I actually made a utility once called "words" that does:

  ls -l | words 1 3 4-5


I wish gawk had a native strptime function. Always seems like an odd omission given strftime is included.


If you add the gawkextlib/timex library you can get access to strptime.

https://sourceforge.net/p/gawkextlib/code/ci/master/tree/


Most of the awk scripts I end up writing are for execution by other people on machines I don't have control over. If strptime was in the standard library, I could use it if I knew the target OS was something like "Ubuntu XX.XX or newer, RedHat X or newer".

When strptime is in an add-on library, I can't use it.


I came to AWK via DTrace http://dtrace.org/blogs/about/

When processing event streams, it's very natural to express transformation as FILTER + ACTION rules.

AWK is an embodiment of this idea for the domain of text processing where events are lines (or multi-line records).

DTrace uses the paradigm to process low-level system events (like scheduling events, or (kernel) function calls).

It's a good paradigm, worth using.

However, it's easily replicated in every other language with a loop:

    while true {
      rec = read()
      if( filter1(rec) ) { action1(rec) }
      if( filter2(rec) ) { action2(rec) }
      ...
    }
You don't need a special language to do event processing like this.


On multiple occasions I have been surprised and disappointed that [my installed flavor of] awk has no native support for 64-bit integers. That aside, I love awk and use it daily. That "awk in 20 minutes" guide was a life changer when I read it a few months ago.

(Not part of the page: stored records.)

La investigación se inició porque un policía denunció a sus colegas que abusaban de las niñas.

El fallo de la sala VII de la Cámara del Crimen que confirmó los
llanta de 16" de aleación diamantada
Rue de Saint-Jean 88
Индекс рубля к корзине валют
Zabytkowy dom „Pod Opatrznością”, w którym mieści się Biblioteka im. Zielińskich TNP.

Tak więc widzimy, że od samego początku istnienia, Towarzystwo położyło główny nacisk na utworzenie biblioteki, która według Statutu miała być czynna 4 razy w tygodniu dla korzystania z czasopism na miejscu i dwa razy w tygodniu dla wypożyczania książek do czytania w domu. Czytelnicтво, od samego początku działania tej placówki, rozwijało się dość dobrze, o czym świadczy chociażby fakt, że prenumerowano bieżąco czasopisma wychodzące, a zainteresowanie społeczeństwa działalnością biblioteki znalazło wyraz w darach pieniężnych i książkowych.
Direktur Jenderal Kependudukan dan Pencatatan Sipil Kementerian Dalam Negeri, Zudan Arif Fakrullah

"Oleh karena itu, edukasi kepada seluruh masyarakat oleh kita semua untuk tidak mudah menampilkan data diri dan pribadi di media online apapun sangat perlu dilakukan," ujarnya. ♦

Pardon the pun, but I've always found awk awkward to use.

Literally every time I use awk I have to google the syntax because I don't use it often enough for it to persist in long term memory.

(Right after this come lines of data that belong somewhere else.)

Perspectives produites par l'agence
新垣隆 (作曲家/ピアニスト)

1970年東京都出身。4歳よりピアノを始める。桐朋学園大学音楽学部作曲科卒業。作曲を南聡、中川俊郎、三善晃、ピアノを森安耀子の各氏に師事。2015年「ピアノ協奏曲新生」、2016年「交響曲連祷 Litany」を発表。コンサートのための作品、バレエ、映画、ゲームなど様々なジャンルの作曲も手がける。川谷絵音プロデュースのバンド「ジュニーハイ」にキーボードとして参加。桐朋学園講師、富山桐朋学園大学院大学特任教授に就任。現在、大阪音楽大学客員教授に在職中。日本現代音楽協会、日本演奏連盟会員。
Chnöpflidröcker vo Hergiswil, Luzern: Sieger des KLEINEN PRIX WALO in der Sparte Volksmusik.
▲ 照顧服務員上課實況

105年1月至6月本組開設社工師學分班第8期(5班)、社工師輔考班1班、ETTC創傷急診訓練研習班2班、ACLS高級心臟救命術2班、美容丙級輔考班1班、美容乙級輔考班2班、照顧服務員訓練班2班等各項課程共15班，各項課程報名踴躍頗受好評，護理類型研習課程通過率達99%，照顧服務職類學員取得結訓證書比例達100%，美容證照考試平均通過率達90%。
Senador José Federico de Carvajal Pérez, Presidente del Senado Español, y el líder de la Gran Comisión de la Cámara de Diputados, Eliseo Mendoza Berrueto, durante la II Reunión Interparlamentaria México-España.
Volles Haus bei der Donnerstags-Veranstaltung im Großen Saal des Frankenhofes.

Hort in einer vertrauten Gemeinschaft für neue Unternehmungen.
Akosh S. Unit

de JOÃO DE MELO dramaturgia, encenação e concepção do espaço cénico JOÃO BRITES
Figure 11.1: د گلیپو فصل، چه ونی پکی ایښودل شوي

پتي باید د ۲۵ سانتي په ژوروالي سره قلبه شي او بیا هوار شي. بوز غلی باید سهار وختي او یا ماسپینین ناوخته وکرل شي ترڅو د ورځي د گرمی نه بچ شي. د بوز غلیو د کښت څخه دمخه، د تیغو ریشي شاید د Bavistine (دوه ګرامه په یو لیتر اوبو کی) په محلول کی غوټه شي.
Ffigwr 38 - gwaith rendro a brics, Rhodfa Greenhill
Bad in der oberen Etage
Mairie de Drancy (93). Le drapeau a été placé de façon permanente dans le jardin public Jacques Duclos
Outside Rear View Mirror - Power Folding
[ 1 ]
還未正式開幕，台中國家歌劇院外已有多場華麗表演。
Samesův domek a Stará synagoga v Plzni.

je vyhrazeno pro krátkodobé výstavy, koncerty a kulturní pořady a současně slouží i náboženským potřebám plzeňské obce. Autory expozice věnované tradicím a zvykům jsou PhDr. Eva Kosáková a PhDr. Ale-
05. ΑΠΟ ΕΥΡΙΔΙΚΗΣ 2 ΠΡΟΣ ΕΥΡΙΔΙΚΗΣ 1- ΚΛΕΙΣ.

If only awk's syntax were a subset of a language I already knew, like python or JS


I found the syntax to be like regex plus something close to C. I expect back in the day when everyone using unix was also using C, this made awk syntax pretty obvious (certainly was the case for me). But if you don't know C, I suppose the syntax might be less obvious. I use awk all the time in one liners.

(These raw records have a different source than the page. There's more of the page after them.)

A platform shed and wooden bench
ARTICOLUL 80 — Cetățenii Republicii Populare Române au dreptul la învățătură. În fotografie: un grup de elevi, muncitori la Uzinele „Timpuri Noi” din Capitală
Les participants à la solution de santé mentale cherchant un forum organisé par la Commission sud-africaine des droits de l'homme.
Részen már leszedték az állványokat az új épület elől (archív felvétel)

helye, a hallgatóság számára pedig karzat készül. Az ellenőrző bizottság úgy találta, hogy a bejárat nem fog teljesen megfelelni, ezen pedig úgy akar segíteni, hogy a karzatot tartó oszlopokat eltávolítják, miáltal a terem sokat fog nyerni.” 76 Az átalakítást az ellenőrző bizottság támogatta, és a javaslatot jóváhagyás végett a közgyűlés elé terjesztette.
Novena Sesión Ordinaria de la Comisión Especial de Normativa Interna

Or just use either a small wrapper to provide awk-like functionality, or an interpreter with explicit options for awk-like functionality.

E.g. Perl and Ruby "-pe"/"-pie" command line options, and assorted related variations both offers ways to do awk-like single-liners that are just minor syntactic sugar over full scripts. But writing a tiny wrapper like that for your preferred language should be easy enough.

"ruby -an -F: -e ' puts $F[0] '" is equivalent to awk -F: ' { print $1 } ' for example

-n adds an implicit "while gets(); ...; end" loop; gets by default sets $_; -n adds an implicit $F = $_.split($;); -F sets $; ; -e takes what follows as a Ruby expression.


If awk's syntax was a subset of either python or JS, wouldn't it be better to just use python or JS?


> If awk's syntax was a subset of either python or JS, wouldn't it be better to just use python or JS?

Not necessarily—sometimes it makes sense to use Datalog instead of Prolog, for example.


The great thing about awk is that 99% of what you need can be learned by just using "man awk". And if you need the remaining 1%, probably you should be using another language.


Personal opinion:

"The State of the AWK" should actually be called "The AWK word"


For a long time, I thought awk was just an abbreviation for "awkward" (in fact it is named after its inventors, Alfred Aho, Peter Weinberger, and Brian Kernighan) which seemed fitting as its syntax looks arcane (compared to modern languages) - I really thought the name was some kind of elaborated joke ... :)

However I learned to like it and use it often in CLI one-liners (mostly to cut out or reformat specific columns, probably the most common usage).


I don't know any other tool that is so simple and can be learned so quickly and yet is so powerful. I use it daily.

The handful of minutes it took to learn have repaid that investment thousands of times over.

Yes, there will be better solutions for individual cases. But awk is always installed, always available, and for anybody quickly querying semi-structured text data on the Unix command line it is a godsend.


AWK really ought to have the inverse of its 'split'. Yes I can do that with string concatenation in a loop but that's not ideal.